Search papers, labs, and topics across Lattice.
This paper investigates the impact of context length and evidence placement on the fact verification accuracy of LLMs using retrieval-augmented generation. The authors evaluated Llama-3.1, Qwen2.5, and Qwen3 models (7B-70B parameters) on HOVER, FEVEROUS, and ClimateFEVER datasets. They found that LLMs possess non-trivial parametric factual knowledge, verification accuracy decreases with increasing context length, and evidence placement at the beginning or end of the prompt yields higher accuracy.
LLMs' fact-checking accuracy tanks as context grows, but strategically placing evidence at the start or end of prompts can mitigate this "lost in the middle" effect.

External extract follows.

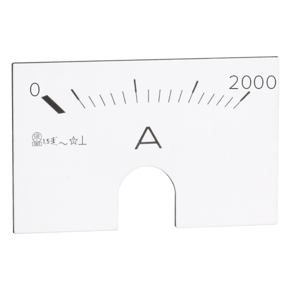Аналоговый прибор оснащен шкалой для отображения соответствующих показаний измерений. Данная модель известной торговой марки Legrand подходит для амперметра 004600 и представляет собой плоскую градуированную шкалу с измерением в амперах. Максимальное значение измерений на циферблате составляет 2000 Ампер. Он имеет нулевое положение и одностороннее направление с предельным углом отклонения стрелки прибора 90°. Ось указателя расположена по центру амперметра.

Large language models (LLMs) show strong reasoning abilities across diverse tasks, yet their performance on extended contexts remains inconsistent. While prior research has emphasized mid-context degradation in question answering, this study examines the impact of context in LLM-based fact verification. Using three datasets (HOVER, FEVEROUS, and ClimateFEVER) and five open-source models accross different parameters sizes (7B, 32B and 70B parameters) and model families (Llama-3.1, Qwen2.5 and Qwen3), we evaluate both parametric factual knowledge and the impact of evidence placement across varying context lengths. We find that LLMs exhibit non-trivial parametric knowledge of factual claims and that their verification accuracy generally declines as context length increases. Similarly to what has been shown in previous works, in-context evidence placement plays a critical role with accuracy being consistently higher when relevant evidence appears near the beginning or end of the prompt and lower when placed mid-context. These results underscore the importance of prompt structure in retrieval-augmented fact-checking systems.